Assignment: Only some lines are wanted. Transcribe, exactly, the lines below from the line with "日式原木风在清新自然、简洁淡" up to and including the line with "Pintech品致DK-14".
BEGIN Data extracts
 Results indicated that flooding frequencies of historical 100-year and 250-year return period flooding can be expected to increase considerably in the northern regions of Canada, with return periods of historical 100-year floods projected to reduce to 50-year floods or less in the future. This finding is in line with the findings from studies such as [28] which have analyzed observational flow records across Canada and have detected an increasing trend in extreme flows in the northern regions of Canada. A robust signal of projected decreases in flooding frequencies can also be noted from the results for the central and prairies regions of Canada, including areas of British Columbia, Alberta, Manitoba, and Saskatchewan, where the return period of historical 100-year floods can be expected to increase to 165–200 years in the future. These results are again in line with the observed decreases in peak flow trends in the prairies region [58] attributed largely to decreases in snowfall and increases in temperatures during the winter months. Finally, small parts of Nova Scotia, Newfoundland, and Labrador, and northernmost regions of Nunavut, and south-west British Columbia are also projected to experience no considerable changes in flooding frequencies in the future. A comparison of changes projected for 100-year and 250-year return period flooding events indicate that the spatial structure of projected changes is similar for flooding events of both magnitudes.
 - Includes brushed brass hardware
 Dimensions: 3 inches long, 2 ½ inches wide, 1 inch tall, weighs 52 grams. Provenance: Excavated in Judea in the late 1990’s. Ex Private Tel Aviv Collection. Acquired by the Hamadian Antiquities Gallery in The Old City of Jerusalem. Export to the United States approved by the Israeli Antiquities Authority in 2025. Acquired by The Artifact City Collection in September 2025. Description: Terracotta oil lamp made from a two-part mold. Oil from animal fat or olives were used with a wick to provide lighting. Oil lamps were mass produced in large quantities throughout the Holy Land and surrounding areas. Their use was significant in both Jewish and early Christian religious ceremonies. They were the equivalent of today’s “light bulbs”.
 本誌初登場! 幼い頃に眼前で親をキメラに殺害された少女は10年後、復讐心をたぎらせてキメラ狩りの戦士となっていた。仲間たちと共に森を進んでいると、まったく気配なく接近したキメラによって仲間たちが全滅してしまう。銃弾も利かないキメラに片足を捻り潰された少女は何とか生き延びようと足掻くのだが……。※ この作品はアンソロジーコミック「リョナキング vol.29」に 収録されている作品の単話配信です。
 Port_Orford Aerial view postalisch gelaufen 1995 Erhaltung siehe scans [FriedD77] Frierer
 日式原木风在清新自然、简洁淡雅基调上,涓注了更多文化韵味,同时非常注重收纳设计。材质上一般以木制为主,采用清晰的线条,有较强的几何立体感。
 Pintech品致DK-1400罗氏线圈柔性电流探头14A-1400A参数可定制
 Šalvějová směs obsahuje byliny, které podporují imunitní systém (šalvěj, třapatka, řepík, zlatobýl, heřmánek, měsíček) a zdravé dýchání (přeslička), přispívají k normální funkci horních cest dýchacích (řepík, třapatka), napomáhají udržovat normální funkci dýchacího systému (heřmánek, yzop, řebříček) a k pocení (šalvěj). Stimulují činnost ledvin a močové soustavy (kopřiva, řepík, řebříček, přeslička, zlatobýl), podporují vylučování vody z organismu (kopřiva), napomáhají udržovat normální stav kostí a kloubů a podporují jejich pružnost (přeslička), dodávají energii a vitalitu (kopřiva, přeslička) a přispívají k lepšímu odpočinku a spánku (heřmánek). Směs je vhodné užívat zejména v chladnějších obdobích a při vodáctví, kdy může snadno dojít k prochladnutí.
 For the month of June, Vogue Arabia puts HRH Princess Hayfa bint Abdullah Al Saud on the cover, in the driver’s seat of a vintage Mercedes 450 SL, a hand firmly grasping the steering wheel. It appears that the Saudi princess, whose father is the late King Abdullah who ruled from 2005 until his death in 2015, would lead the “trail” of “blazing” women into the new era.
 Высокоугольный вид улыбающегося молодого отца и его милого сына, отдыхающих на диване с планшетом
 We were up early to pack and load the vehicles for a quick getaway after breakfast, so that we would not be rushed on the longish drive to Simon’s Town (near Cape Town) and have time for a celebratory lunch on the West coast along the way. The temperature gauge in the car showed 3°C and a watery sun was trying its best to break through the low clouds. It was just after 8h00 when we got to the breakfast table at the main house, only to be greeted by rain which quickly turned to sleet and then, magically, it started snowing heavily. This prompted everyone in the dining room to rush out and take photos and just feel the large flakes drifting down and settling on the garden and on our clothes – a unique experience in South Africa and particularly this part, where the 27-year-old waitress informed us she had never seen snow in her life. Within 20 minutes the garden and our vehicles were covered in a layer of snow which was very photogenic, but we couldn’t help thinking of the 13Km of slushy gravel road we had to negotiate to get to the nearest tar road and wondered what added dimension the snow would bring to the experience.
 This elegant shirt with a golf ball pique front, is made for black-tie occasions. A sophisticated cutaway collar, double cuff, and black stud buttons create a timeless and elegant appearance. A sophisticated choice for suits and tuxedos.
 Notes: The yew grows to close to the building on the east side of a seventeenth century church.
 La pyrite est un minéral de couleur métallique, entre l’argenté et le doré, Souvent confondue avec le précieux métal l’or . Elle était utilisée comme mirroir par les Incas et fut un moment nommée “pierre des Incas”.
END Data extracts
Solution to the problem:
 日式原木风在清新自然、简洁淡雅基调上,涓注了更多文化韵味,同时非常注重收纳设计。材质上一般以木制为主,采用清晰的线条,有较强的几何立体感。
 Pintech品致DK-1400罗氏线圈柔性电流探头14A-1400A参数可定制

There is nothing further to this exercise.